第386回 親鸞聖人の呼びかけ

       平成12年 6月15日〜

妙念寺電話サービスです。
このところ、朗読法話集をご紹介していますが、
今回のお話は 「 親鸞聖人の呼びかけ 」 という法話です。


「 七高僧のお一人である善導大師は

  ーー 人間怱々(そうそう)として衆務(しゅうむ)を営み、
  年命(ねんみょう)の日夜に去ることを覚えず、灯の風中に
  ありて滅することを期(ご)しがたきがごとしーー


  と、おっしゃっています。

  人間は毎日忙しく仕事をし、自分の命がなくなってゆくことに
  気がつかない、ちょうど灯火が風の中でいつ消えるとも
  しれないようなものである、という意味です。


  人の一生はしばしば旅にたとえられます。

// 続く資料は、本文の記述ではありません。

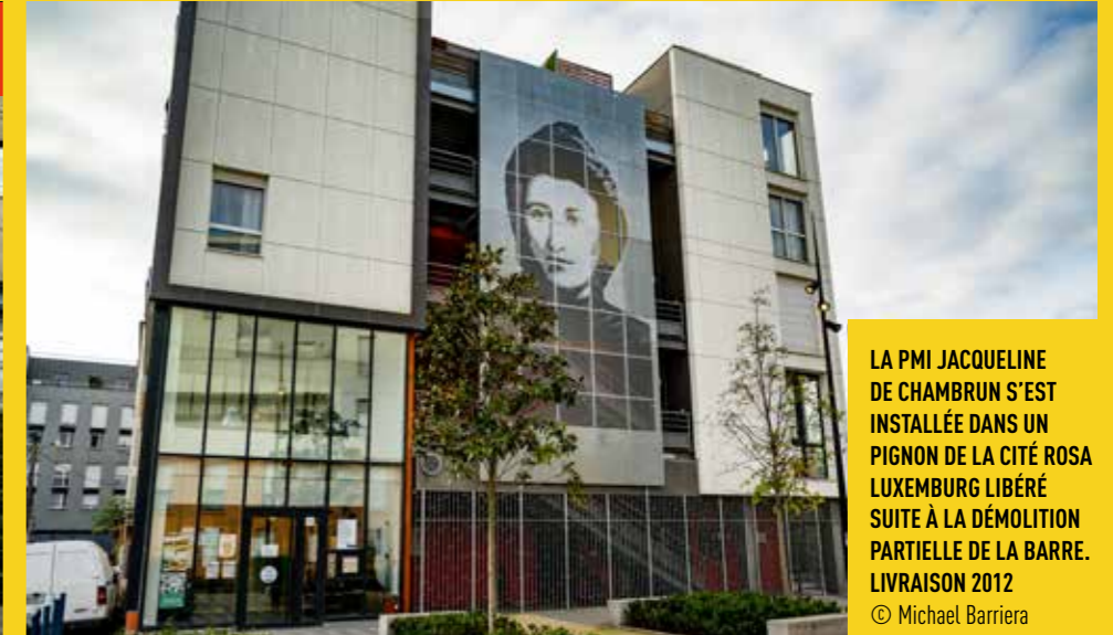
LA PMI JACQUELINE DE CHAMBRUN S'EST INSTALLÉE DANS UN PIGNON DE LA CITÉ ROSA LUXEMBURG LIBÉRÉ SUITE À LA DÉMOLITION PARTIELLE DE LA BARRE. LIVRAISON 2012

昔の旅人が、
  いろいろの苦難にあいながら、ひたすら歩みつづけた
  孤独な旅、それはまさしく私たちの人生といえるでしょう。



   一寸先は闇と言いますが、明日どんなことが起きるか、
  全く予想できません。


  未知の未来に向かってひたすら歩みつづける私、
  さまざまな悲しみや苦しみに一喜一憂し、時には
  挫折しそうになることすらあります。



  そのとき、私たちを支えるものは一体何でしょうか。
  悲しみ苦しみの人生を、確かな足どりで、一歩一歩
  あゆみ続けるにはどうすればよいのでしょうか。



    親鸞聖人は九十年のご生涯において、阿弥陀如来の
  救いに遇い、確かな拠り処を見いだし、一歩一歩
  喜びの中に生きつづけられました。



   善導大師は、さきほどの文章につづいて、

   ーーおのおの聞け。剛健有力(ごうけんうりき)の時、
   自策自励(じしゃくじれい)して常住を求めよ。ーー


   と言われています。

  うつろう世に、移り変わるものに心を託して生きている
  のが私たちの現実の姿です。


  親鸞聖人は 『 変わらないもの、確かなものに拠り処を
  見いだして生きよ 』 と私たちに呼びかけていて
  くださっているのです 」



 このように、三宮義信先生はお書きいただいています。
みなさんは、何を支えにしてこの人生を生きて
いらっしゃいますか。


妙念寺電話サービスお電話ありがとうございました。
次回は、6月22日に新しい内容に変わります。